Could you print the stretch of lines below from the one with "Refugio privado y" through the one with "O Governo Municipal", exactly as they stand and without any pictures?

[[ Input open ]]

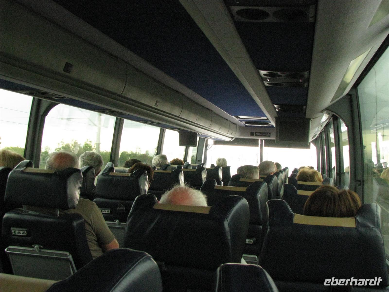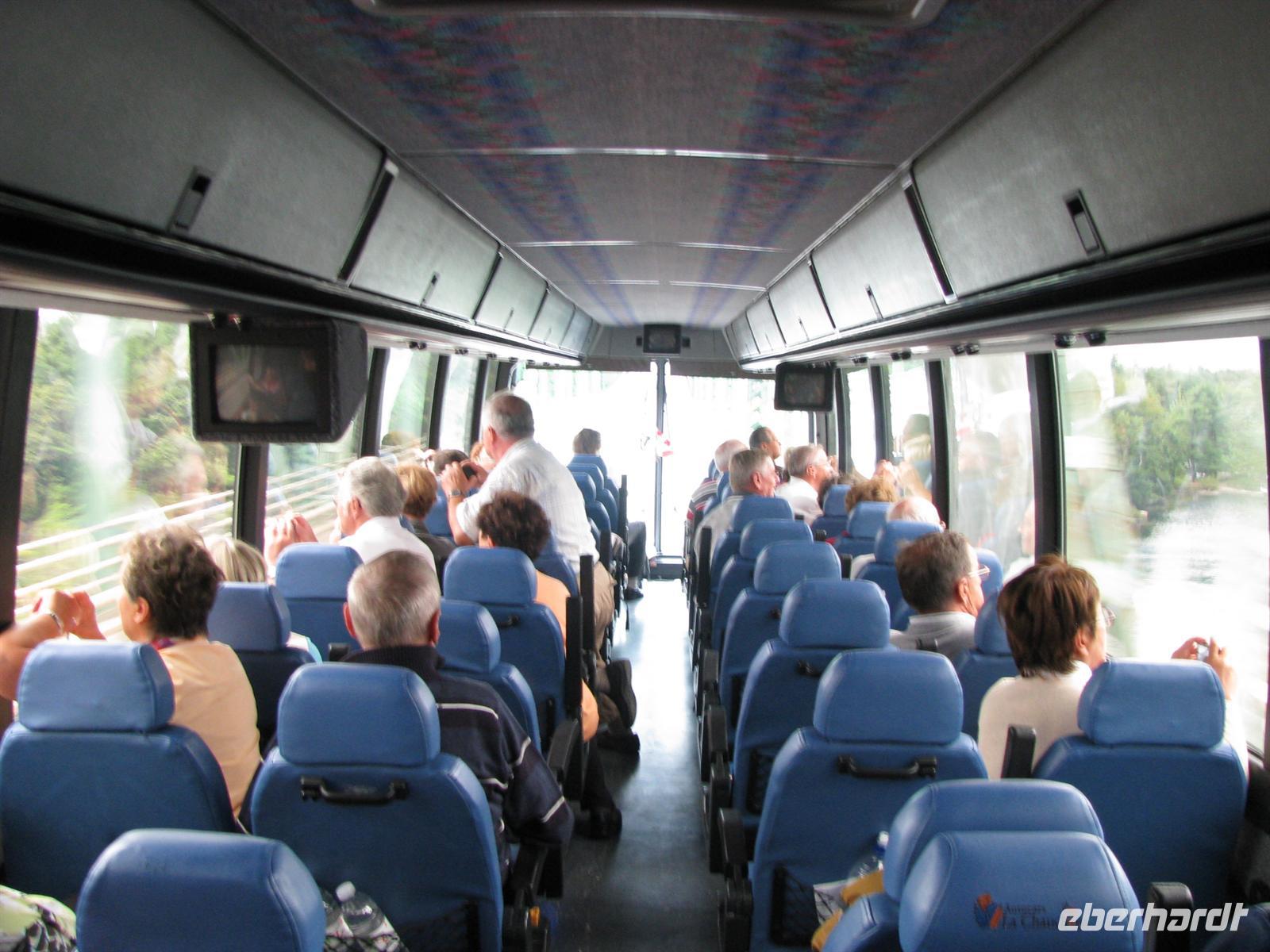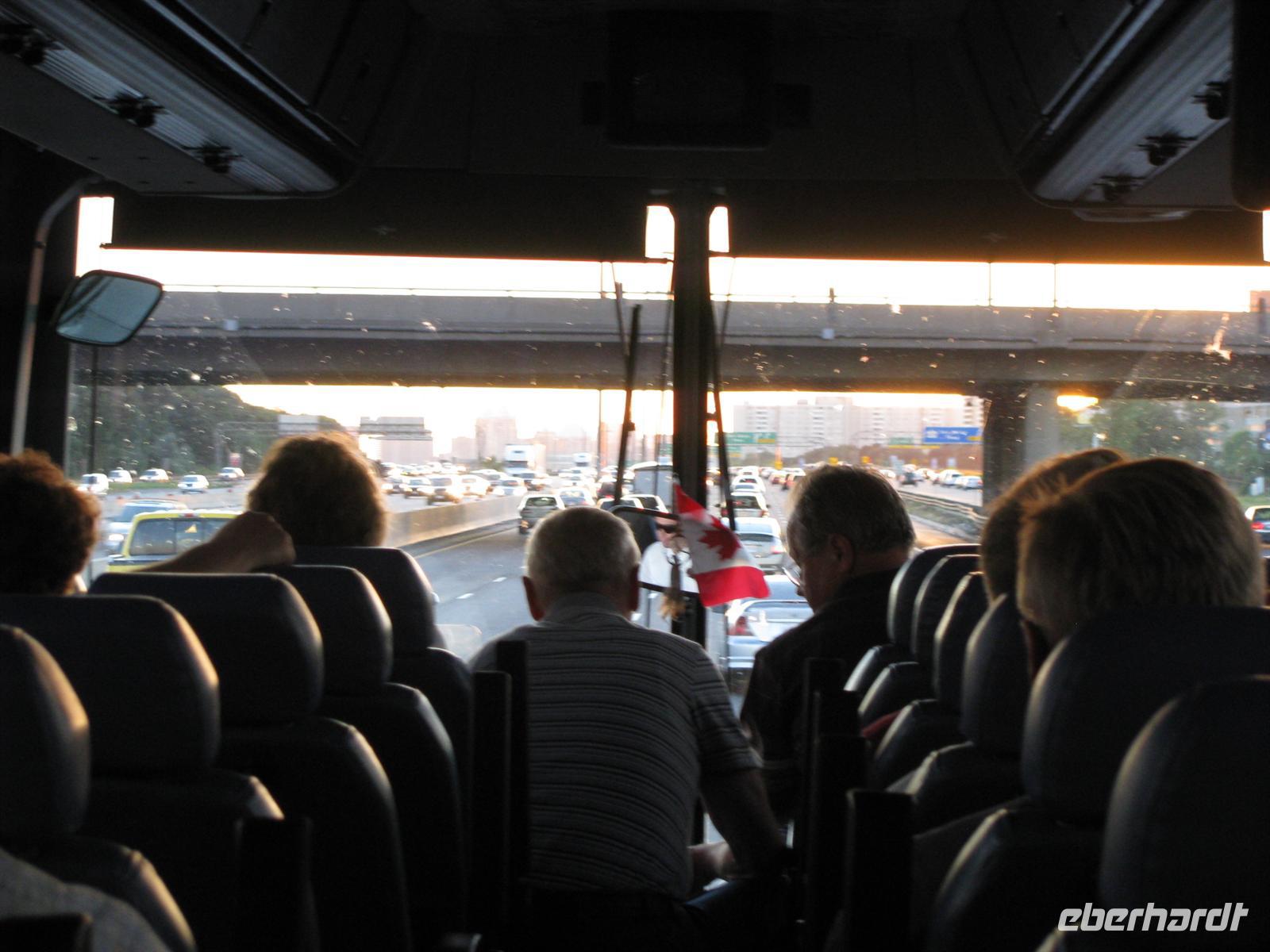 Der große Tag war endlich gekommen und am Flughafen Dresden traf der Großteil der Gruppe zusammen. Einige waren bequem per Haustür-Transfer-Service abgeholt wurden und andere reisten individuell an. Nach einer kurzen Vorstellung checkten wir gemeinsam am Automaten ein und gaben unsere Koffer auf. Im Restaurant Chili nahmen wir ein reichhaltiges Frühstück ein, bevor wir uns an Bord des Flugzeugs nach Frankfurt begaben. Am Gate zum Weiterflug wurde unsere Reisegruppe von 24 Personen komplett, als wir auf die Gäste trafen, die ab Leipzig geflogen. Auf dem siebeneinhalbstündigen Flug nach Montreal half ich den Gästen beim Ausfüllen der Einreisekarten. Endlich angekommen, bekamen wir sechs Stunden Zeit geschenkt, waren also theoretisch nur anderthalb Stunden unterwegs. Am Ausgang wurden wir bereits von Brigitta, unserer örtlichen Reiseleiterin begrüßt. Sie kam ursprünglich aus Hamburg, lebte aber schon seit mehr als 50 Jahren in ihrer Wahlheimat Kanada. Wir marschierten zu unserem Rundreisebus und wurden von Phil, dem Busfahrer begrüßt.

[[ Input closed ]]
[[ Input open ]]

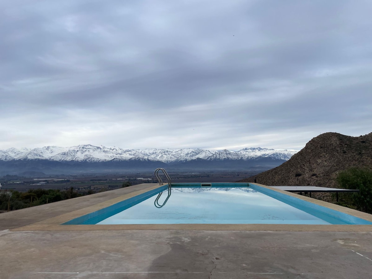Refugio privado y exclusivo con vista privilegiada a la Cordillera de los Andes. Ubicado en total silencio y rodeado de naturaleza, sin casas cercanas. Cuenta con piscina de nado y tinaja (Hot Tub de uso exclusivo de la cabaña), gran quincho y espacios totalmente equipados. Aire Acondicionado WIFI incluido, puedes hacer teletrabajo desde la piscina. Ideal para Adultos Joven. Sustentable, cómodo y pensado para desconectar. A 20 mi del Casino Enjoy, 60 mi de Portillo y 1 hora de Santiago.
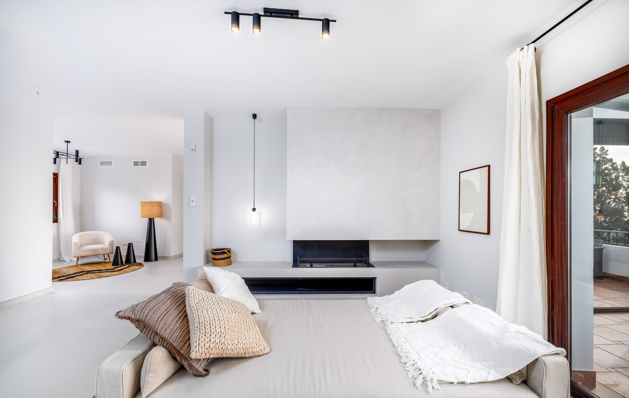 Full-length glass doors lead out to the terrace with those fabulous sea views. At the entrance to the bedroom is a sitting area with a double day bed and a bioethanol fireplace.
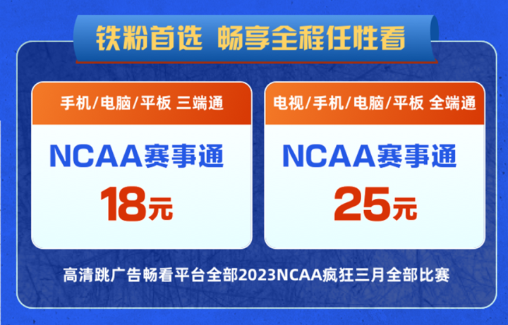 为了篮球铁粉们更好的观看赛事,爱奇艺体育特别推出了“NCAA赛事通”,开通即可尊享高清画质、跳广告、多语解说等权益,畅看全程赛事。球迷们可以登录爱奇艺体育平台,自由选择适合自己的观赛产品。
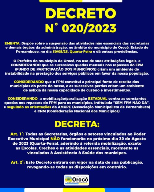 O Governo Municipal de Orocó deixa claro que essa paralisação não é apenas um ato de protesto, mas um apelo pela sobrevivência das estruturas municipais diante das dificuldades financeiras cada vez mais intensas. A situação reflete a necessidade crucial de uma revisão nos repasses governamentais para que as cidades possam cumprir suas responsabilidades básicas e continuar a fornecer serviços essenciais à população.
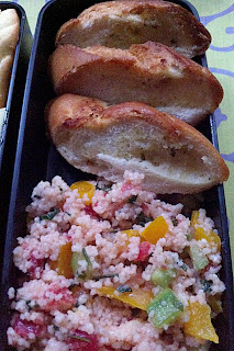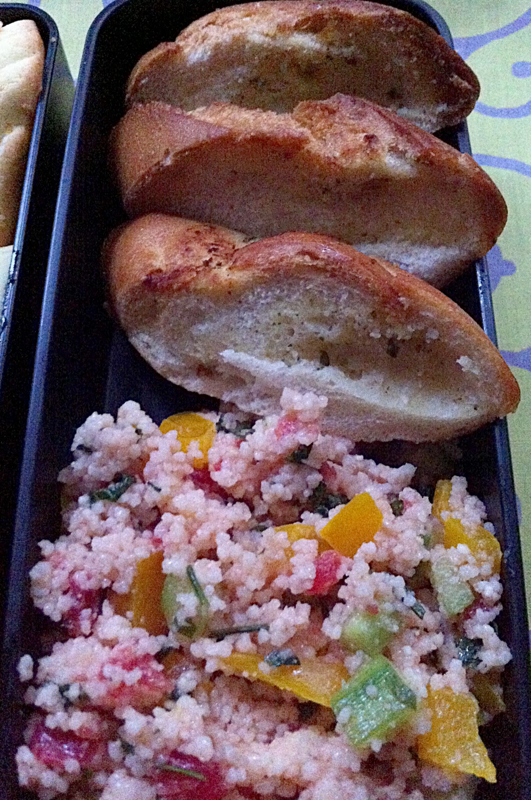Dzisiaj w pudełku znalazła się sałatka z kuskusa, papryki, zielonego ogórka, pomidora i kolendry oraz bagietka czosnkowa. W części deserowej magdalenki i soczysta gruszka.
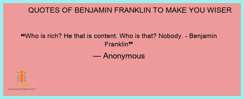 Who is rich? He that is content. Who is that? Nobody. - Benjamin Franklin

[[ Input closed ]]

- _Response box_
Refugio privado y exclusivo con vista privilegiada a la Cordillera de los Andes. Ubicado en total silencio y rodeado de naturaleza, sin casas cercanas. Cuenta con piscina de nado y tinaja (Hot Tub de uso exclusivo de la cabaña), gran quincho y espacios totalmente equipados. Aire Acondicionado WIFI incluido, puedes hacer teletrabajo desde la piscina. Ideal para Adultos Joven. Sustentable, cómodo y pensado para desconectar. A 20 mi del Casino Enjoy, 60 mi de Portillo y 1 hora de Santiago.
 Full-length glass doors lead out to the terrace with those fabulous sea views. At the entrance to the bedroom is a sitting area with a double day bed and a bioethanol fireplace.
 为了篮球铁粉们更好的观看赛事,爱奇艺体育特别推出了“NCAA赛事通”,开通即可尊享高清画质、跳广告、多语解说等权益,畅看全程赛事。球迷们可以登录爱奇艺体育平台,自由选择适合自己的观赛产品。
 O Governo Municipal de Orocó deixa claro que essa paralisação não é apenas um ato de protesto, mas um apelo pela sobrevivência das estruturas municipais diante das dificuldades financeiras cada vez mais intensas. A situação reflete a necessidade crucial de uma revisão nos repasses governamentais para que as cidades possam cumprir suas responsabilidades básicas e continuar a fornecer serviços essenciais à população.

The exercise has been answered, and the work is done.